CoCO Dataset으로 Pre-Trained된 Model에서 BoundingBox 정보를 추출시
- Bounding Box 정보를 4개의 Box 좌표, 1개의 Object Score, 그리고 80개의 Class score(Coco는 80개의 Object Category임)로 구성된 총 85개의 정보 구성에서 정보 추출이 필요합니다.
- Class id와 class score는 이 80개 vector에서 가장 높은 값을 가지는 위치 인덱스와 그 값입니다.
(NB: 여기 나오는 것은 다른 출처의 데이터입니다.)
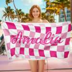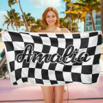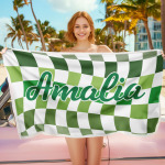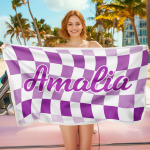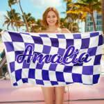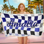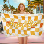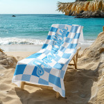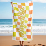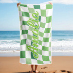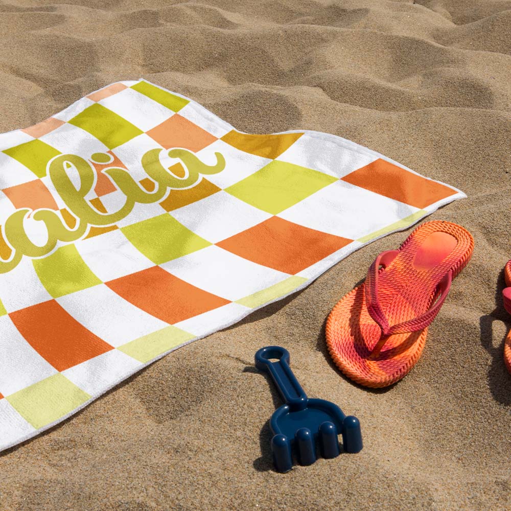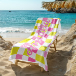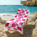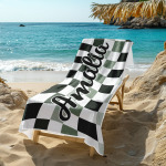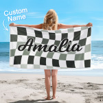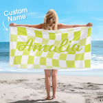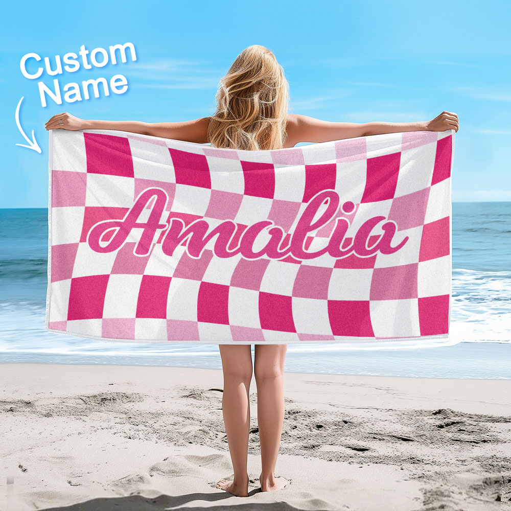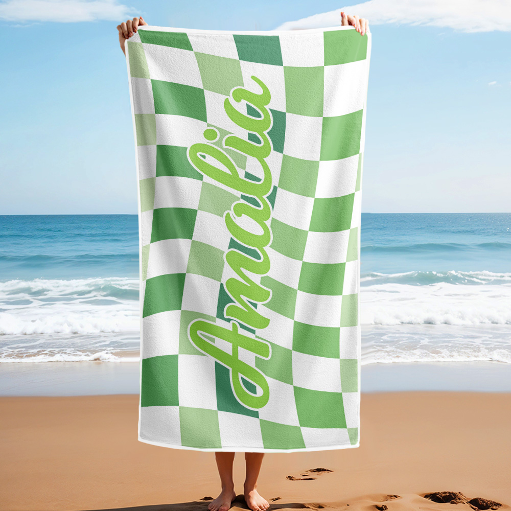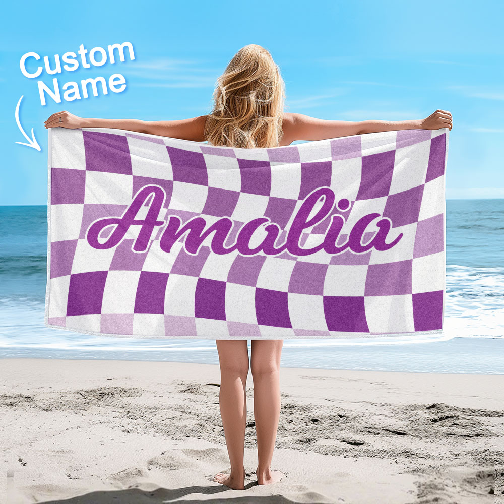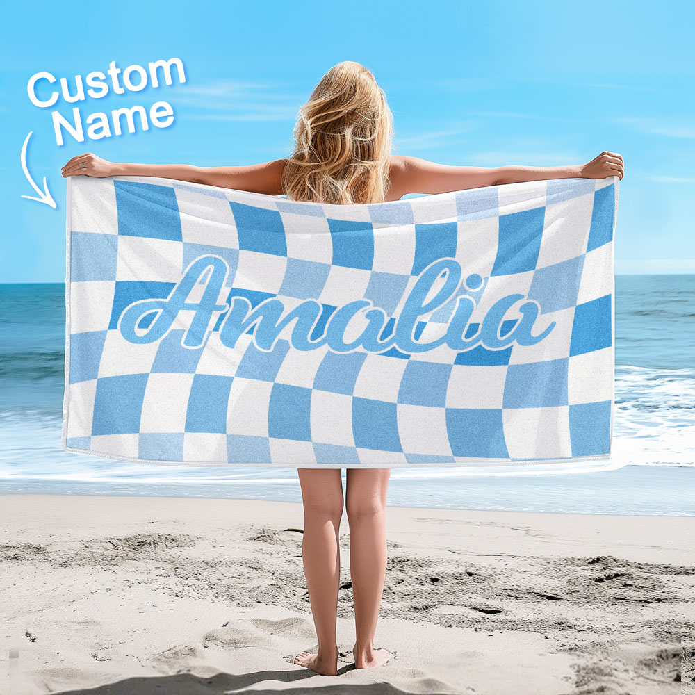 Toalla De Playa Personalizada Con Nombre Personalizado, Toalla De Baño A Cuadros, Regalo De Vacaciones De Verano

NMS를 이용하여 각 Output layer에서 Detected된 Object의 겹치는 Bounding box 제외

NMS Filtering 이라고도 합니다.

conf_threshold = 0.5
nms_threshold = 0.4
idxs = cv2.dnn.NMSBoxes(boxes, confidences, conf_threshold, nms_threshold)

print(idxs)

# Result: [ 4 17  6 15 30 28 24 32 11  8 34 33 25 29]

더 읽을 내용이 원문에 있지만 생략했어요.